C’est vrai que cela peut être lu comme une parabole du fascisme, mais ne vous y trompez pas. Un film aussi précis et spécifique dans ses tensions et son ton fonctionne principalement et plus efficacement comme un drame ; tous ces aspects allégoriques sont bien réels, mais secondaires. Une nouvelle institutrice idéaliste (Léonie Benesch) se mobilise pour défendre un élève soupçonné de vol dans l’enceinte de l’école. Mais ses efforts pour les disculper ne font que faire éclater les préjugés et la méfiance de base des professeurs et des étudiants en paranoïa et en violence. est un thriller patient qui nous invite à regarder le personnage bien intentionné de Benesch faire progressivement choix après choix qui limitent ses options ; au moment où elle réalise à quel point son monde s’est refermé sur elle, il est beaucoup trop tard.

– Espagne

Plusieurs films ont été réalisés sur le crash d’un avion dans les Andes en 1972, qui a bloqué une équipe de rugby uruguayenne pendant des mois. Il est facile de comprendre cette fascination persistante ; c’est une histoire de conditions pénibles et brutales et un témoignage de la volonté humaine – émotionnelle, biologique, spirituelle – de survivre. Le dernier film à dramatiser ces événements ne recule jamais devant les horribles vérités de l’expérience (la séquence du crash d’avion vous fera repenser vos projets de vacances à venir), mais il ne les rend pas non plus sensationnalistes. Le fait que les survivants se soient tournés vers le cannibalisme est dramatisé de manière neutre, avec une attention aux détails qui fournit un contexte sans minimiser l’horreur.

Le film du réalisateur JA Bayona se termine par le sauvetage des survivants, et on ne peut s’empêcher de souhaiter qu’il ait jugé bon d’aborder leur retour à la civilisation et la manière dont ils ont géré la longue honte publique qu’ils ont reçue. Mais il s’intéresse davantage à la logistique sinistre et immédiate de la survie physique qu’à ses conséquences émotionnelles persistantes.

– Royaume-Uni

Rudolf (Christian Friedel) et sa femme Hedwig (Sandra Huller) partagent une maison bien aménagée avec leurs cinq enfants. Leur existence est idyllique : ils pique-niquent au bord d’une rivière voisine et Hedwige s’occupe avec amour et fierté de son jardin luxuriant et de sa serre. Mais juste au-delà du mur du jardin se trouve le camp d’extermination d’Auschwitz. Rudolf est le commandant d’Auschwitz, dont les journées sont remplies de réunions sur la manière d’augmenter l’efficacité du camp. Hedwige traite durement son personnel de maison et prend possession d’un manteau de vison confisqué à un prisonnier.

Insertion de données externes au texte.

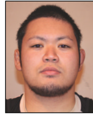
世界選手権出場の龍田太一選手
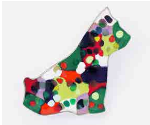
Berta BELZA S-536 Castelldefels, Barcelona
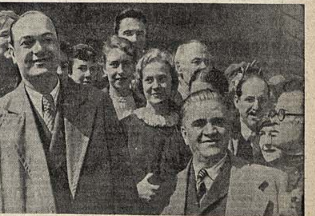
Возвращение в Москву Московского ордене Ленина Художественного академического театра СССР им. Горького. Народные артисты СССР ОФФ орденаносцы тт. Хмелев (справа) и Тарханов в группе встречавшим на Белорусском вокзале в Москве.

Мы были в Париже впервые. Мы были в Париже впервые. Мы были в Париже впервые. Мы были в Париже впервые.
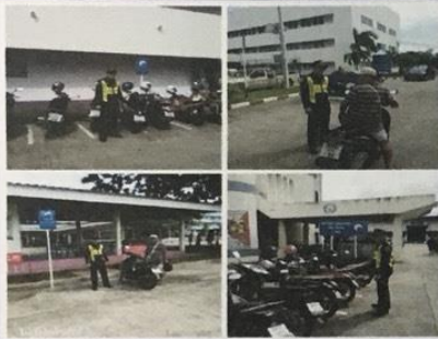
สำนักงานขนส่งจังหวัดบุรีรัมย์
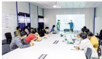
公司项目管理团队与中国五环团队讨论图纸及施工工艺流程

项目系公司与中国五环首次合作,公司自2019年以来深耕印度市场,全方位积累属地行业及供应商资源。项目业主及监理均为印度团队,中建三局三公司国际公司(海外部),精心选派英语过硬、专业能力强的业务骨干组建项目管理团队。目前,首批从印度诺伊达州抽调的管理人员已抵达现场,海外将士们将充分发扬“雷霆三实 拼闯争先”企业文化特质,以“跑步进场”姿态迅速高效推进项目各项工作,奋力开拓海外高质量发展新局面。
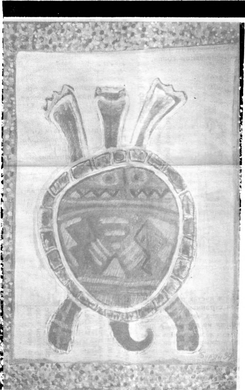
Олег Бурьян. “Черепашка”: х.м. воск. 60×80. 1989.

ХЭЙДЛЭНДСКИЙ ЦЕНТР ИСКУССТВ, 944 Форд Бэрри Сосэлито, Калифорния 94965
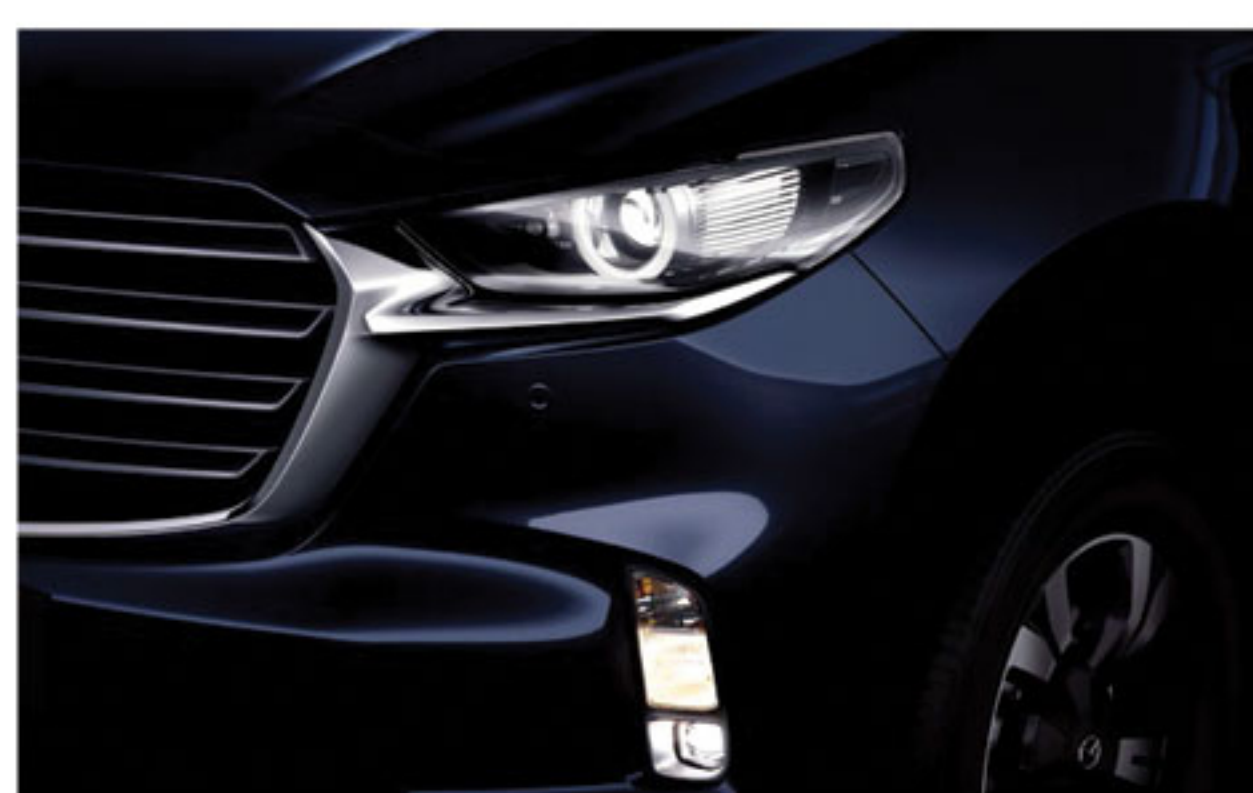
Phares à LED et Feux de Jour à LED (DRL)
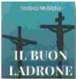
ANDREA MOBIGLIA "Il buon ladrone" Cantagalli Editore, 10 euro

Ammalato e costretto a letto a causa della leucemia, il dottor Takashi Nagai, detto "il santo di Urakami", rievoca i momenti intimi della propria famiglia, la guerra, le difficoltà e la nascita dei figli. Soprattutto, ricorda quel giorno dell'agosto 1945 quando la cattedrale e il quartiere cattolico di Nagasaki furono ridotti in macerie dall'esplosione della bomba atomica. Per Nagai la tragedia significò la morte della moglie, accanto alla quale fu trovato fuso un pezzo
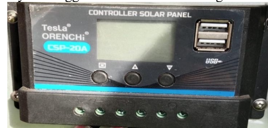
Gambar 4. Solar charge controller

mengoptimalkan daya yang dihasilkan panel surya sehingga efisiensi sistem meningkat.
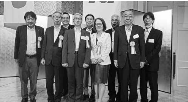
吉田会長、お祝いに駆けつけた副会長、委員長と記念撮影！
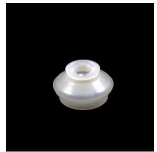
Nr. 0.5 STB
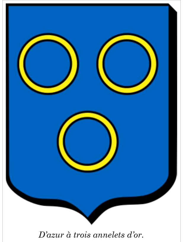
D'azur à trois annelets d'or.
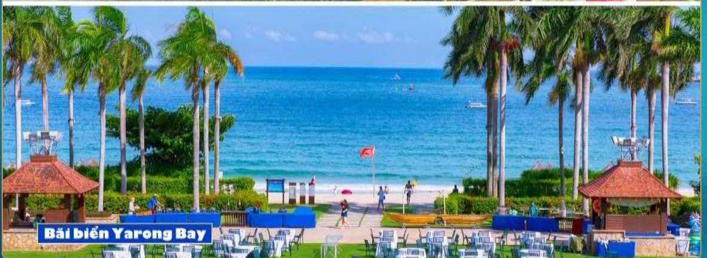
Bãi biển Yalong Bay
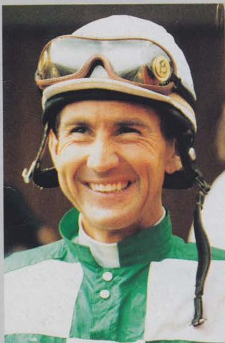
Jerry Bailey, fjolårets segerjockey i Kentucky Derby. Även känd som ständig partner till superhästen Cigar, som vann 16 raka segrar.

den senaste Grindstone. En staty över Aristides finns och intill ligger sevärda Kentucky Derby Museum där alla tiders Derbyvinnare visas och mycket mer. Toppjockeyn Jerry Bailey, den ständigt leende och sympatiska, sa själv: "Jag blir röd till tårar varje gång jag går in där!"
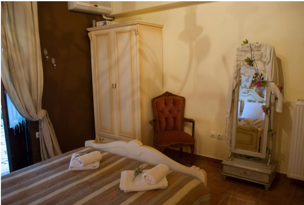
Möbel im Landhausstil
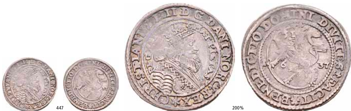
447 1/4 speciedaler 1637. S.7 Ex. Oslo Mynthandel a/s nr.33 26/3-1994 nr.353

Le réalisateur Jonathan Glazer apporte à la vie de cette famille le même regard troublant et impartial qu’il a apporté aux années 2013 – nous les regardons d’une distance glaciale, mais nous les regardons. On entend les cris des prisonniers, on voit la fumée s’élever des cheminées, mais notre regard reste fixé sur Rudolf et Hedwige, sur leur complicité banale et horrifiante. C’est un choix de narration qui divise à la fois le public et les critiques, mais on ne peut nier qu’il offre aux téléspectateurs un nouvel aperçu de la plus grande horreur du 20e siècle.